Beware: inflation is starting to stir in the US

With US consumer prices up by 1.4% in the last year, concern about inflation is now everywhere.

US Federal Reserve Building
The US Federal Reserve is relaxed about inflation surpassing 2%
(Image credit: © Getty Images)

Investors are pencilling in higher inflation. US inflation expectations, as measured by the ten-year breakeven rate (the gap between the yield on the ten-year Treasury bond and the rate on its inflation-linked counterpart) recently went above 2% for the first time since 2018, says John Detrixhe for Quartz.
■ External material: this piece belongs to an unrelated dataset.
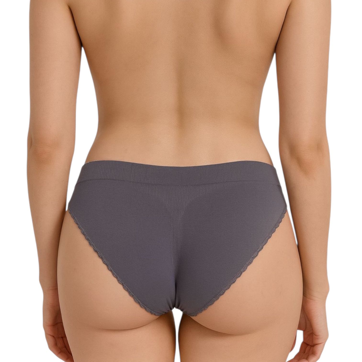 Este blumer es una prenda de ropa interior femenina de corte alto, diseñada para brindar comodidad y soporte durante el día. Está confeccionado en un material suave y elástico que se adapta perfectamente a la figura, proporcionando un ajuste cómodo sin marcar. Su diseño es sencillo pero elegante, con un acabado en la parte superior e inferior que cuenta con un delicado ribete en tono ligeramente contrastante. La tela es de un tono gris oscuro, lo que lo hace fácil de combinar con cualquier conjunto. Ideal para quienes buscan una prenda cómoda, discreta y de alta calidad.

That’s “not exactly Argentina-style hyperinflation”, but it marks a big increase since last March, when the breakeven rate slumped to 0.5%.

An inflationary spring

Renewed lockdowns mean that inflation remains subdued for the time being. The annual rate of consumer price inflation in the UK (CPI) is just 0.6%. In America consumer prices rose by 1.4% last month on a year before.

Nevertheless, concern about inflation is now apparent everywhere, from the bond market to business surveys, says Neil Irwin in The New York Times. The inflation numbers are bound to spike higher this spring because of statistical effects. Prices plunged when Covid-19 struck last year, so prices returning to normal will register as an inflationary leap in the year-on-year comparison.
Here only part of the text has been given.